If multiple nodes call lock, the thread subscribing to the node that did not acquire the lock will block until the node that originally held the lock is deleted and publishes lockpubsub.unlock_message. But what if the caller doesn’t want to block? He might think: If the lock fails, I’ll just give up.

Purpose of locking:

On the premise of ensuring thread safety, try to make all threads execute successfully on the premise of ensuring thread safety, only let one thread execute successfully. The former is suitable for seckill, order and other operations, hope to do our best to achieve; The latter is used for timed tasks that only one node can execute and should fast-fail if no lock is acquired.

In other words, when a node fails to acquire a lock, it can be handled in various ways:

  • Block waiting for
  • Give up directly
  • Retry N times and abort
  • .

Lock The interface is blocked and waiting after the lock fails

TryLock removes this intermediate judgment and returns the result directly to the caller, who can decide what to do if the lock fails: ‘

@Test public void testTryLock() { RLock lock = redissonClient.getLock(“bravo1988_distributed_lock”); boolean b = lock.tryLock(); If (b) {// Business operation… }

// The call ends immediately without blockingCopy the code

} `

TryLock returns true on success, false on failure. Subsequent operations are up to each node.
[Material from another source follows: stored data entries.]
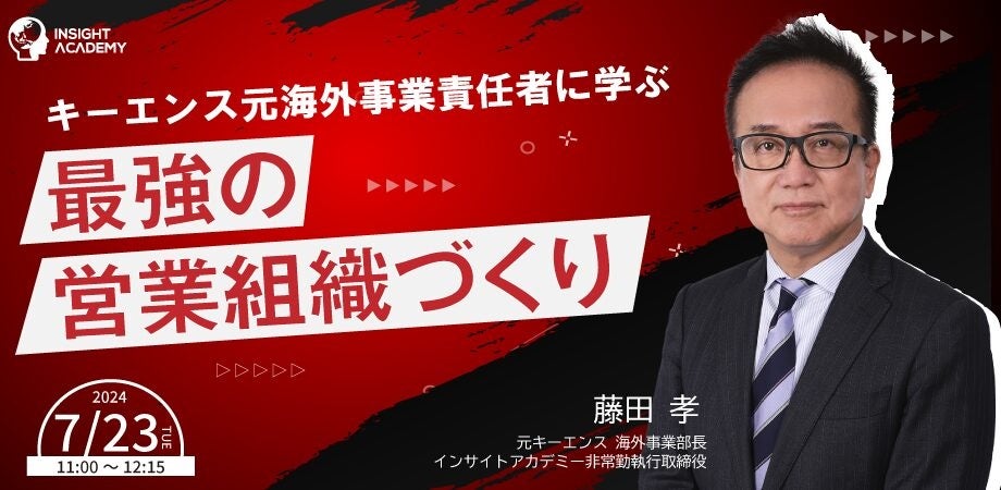 グローバル⼈材育成・研修業を⼿掛けるインサイトアカデミー株式会社(本社:東京都港区新橋、代表:金 珍燮)は、無料webセミナー「キーエンス元海外事業責任者に学ぶ 最強の営業組織づくり」を2024年7月23日(火)11:00より開催します。
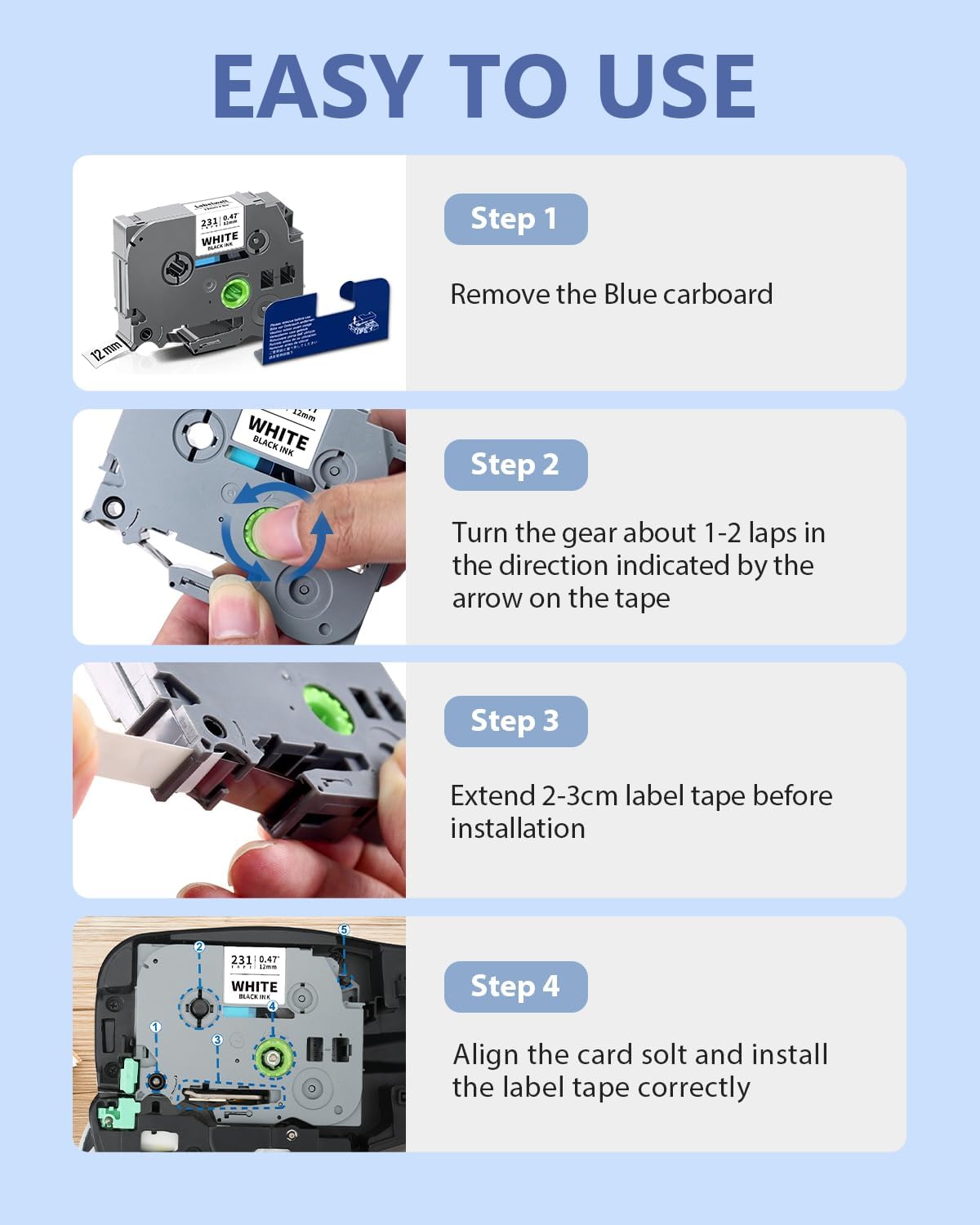 - What's Included: 6-Pack Compatible for Brother Label Maker Tape TZe TZ Tape 12mm 0.47 Laminted Black Ink on White Tape, Replacement for TZe-231 TZe231 TZ-231 Label Tape
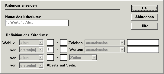 Übersicht über vorhandene Kriterien für Kopf- und Fußzeilen
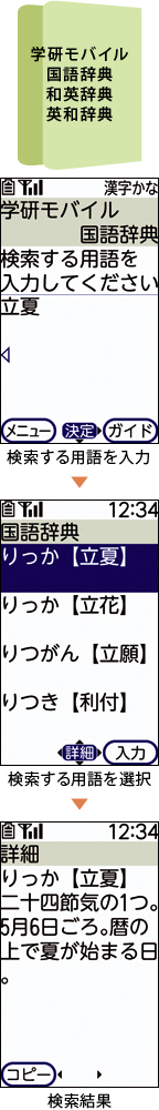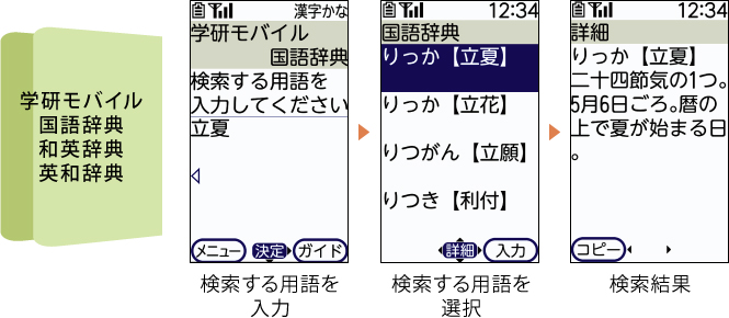 学研モバイル、国語辞典、和英辞典、英和辞典/検索する用語を入力 ⇒ 検索する用語を選択 ⇒ 検索結果

Lock and tryLock

TryLock, like lock, will trigger lock renewal on success (except that the logic after failure is left to the caller)

Handling after locking failure: @Test public void testLockSuccess() throws InterruptedException { RLock lock = redissonClient.getLock(“bravo1988_distributed_lock”); // This is basically the same as lock(), the lock will automatically renew, but failed to obtain the lock. TryLock (10, timeunit.seconds); TryLock (10, 30, timeunit.seconds); // If the current lock is released within 10 SECONDS, try locking. }

If leaseTime= -1 and leaseTime= -1, the lock will be renewed.
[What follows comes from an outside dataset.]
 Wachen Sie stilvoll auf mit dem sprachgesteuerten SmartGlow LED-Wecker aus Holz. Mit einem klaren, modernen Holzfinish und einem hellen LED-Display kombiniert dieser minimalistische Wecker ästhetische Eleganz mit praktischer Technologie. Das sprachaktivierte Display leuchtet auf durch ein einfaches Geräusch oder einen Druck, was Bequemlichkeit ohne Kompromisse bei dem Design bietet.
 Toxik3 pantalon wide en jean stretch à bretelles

So what does waitTime control?

If tryLock() fails to send the lock, it will return false immediately. If waitTime is set to wait for the lock, leaseTime is set to -1

Defects in Redisson distributed locks

In sentinel or master-slave mode, if the master instance goes down, multiple nodes may be locked at the same time.
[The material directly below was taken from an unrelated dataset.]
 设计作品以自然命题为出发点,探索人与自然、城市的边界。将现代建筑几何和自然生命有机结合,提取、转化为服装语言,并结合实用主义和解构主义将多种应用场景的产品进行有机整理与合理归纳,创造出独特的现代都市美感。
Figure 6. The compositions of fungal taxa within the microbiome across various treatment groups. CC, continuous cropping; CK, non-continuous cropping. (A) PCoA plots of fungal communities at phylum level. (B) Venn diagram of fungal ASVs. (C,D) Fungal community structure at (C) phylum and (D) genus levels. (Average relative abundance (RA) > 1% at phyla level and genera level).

Take the master-slave mode as an example. Since all write operations are performed on the master and then synchronized to all slave nodes, the data between the master and each slave node has a certain delay. For the Redisson distributed lock, for example, the client has just written the Redisson lock to the master. The master is then copied asynchronously to each slave node, but the master node is down for too long, and one of the slave nodes is elected to become the master node. Incidentally, this slave (the other slaves are locked) has not been synchronized to the Redissson lock, so other clients may lock again.